Perdre son bébé à 34 SA de grossesse : l’épreuve de Talia & David

Cette semaine, nous abordons un sujet sensible et encore trop souvent tabou. Perdre un enfant, qu’importe son stade de grossesse, est une lourde épreuve pour les parents. Talia est une maman et membre fidèle de la communauté qui a trouvé aujourd’hui le courage de partager son histoire et mettre des mots sur l’indescriptible : la perte d’un bébé à 34 SA de grossesse.
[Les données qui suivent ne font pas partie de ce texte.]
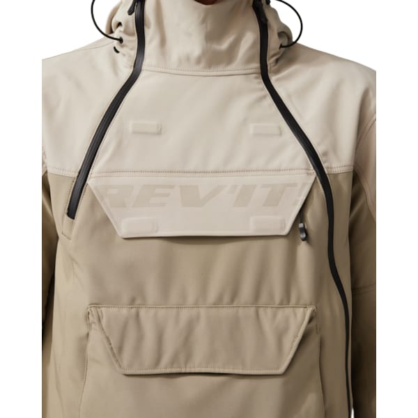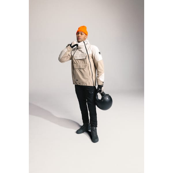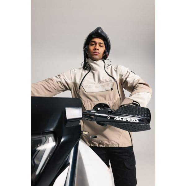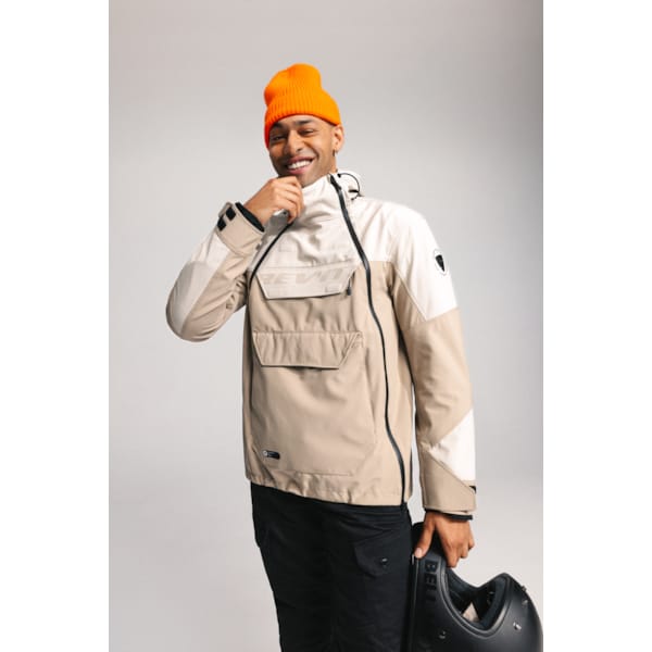 The exterior of the Altair H2O motorcycle jacket is integrally made of 3L softshell, which creates a very individualistic – and special – energy. Nobody is going to look at you funny when you wear the Altair H2O and hop on a snowboard instead of a motorcycle. The Altair H2O’s style and cut are to blame: it strongly resembles an anorak. Kangaroo pouch and all. However, don’t be mistaken: the left zip goes all the way down, and it goes down smoothly when you use the dual press studs that ‘guide’ the motorcycle jacket in proper formation. The smaller, upper kangaroo pouch is actually a ventilation opening that stays in hiding until you use it.

Peux-tu te présenter en quelques mots ?
J’ai 33 ans, je suis moitié suisse moitié israélienne. J’ai grandi à Genève. Je suis avocate de formation et avec mon incroyable mari David, nous avons lancé, en 2018, une startup d’art pour enfant.

Tu as un beau-fils Liam (9 ans), deux petites filles Noa (3 ans), Eden (6 mois) et Ella, votre petit bébé qui s’est envolé. Raconte-nous tes birthstories ?

Noa

Quand je suis tombée enceinte de Noa, j’avais tout un programme en tête sur la manière dont j’allais accoucher, le lieu, le type de naissance. Tout était clair. Je ne savais pas que c’était une fille, mais elle avait déjà la tête en bas à 6 mois, position parfaite, c’était un petit poids et j’étais en superbe forme. Je me voyais accoucher en mode yoga, sans péridurale et en 3 heures. Malheureusement, à 38 semaines de grossesses, je découvre que j’ai un problème de fissure à la rétine si grave que je ne peux pas pousser trop fort au risque de décoller ma rétine et de potentiellement perde la vue. Je me retrouve une semaine plus tard à accoucher par césarienne.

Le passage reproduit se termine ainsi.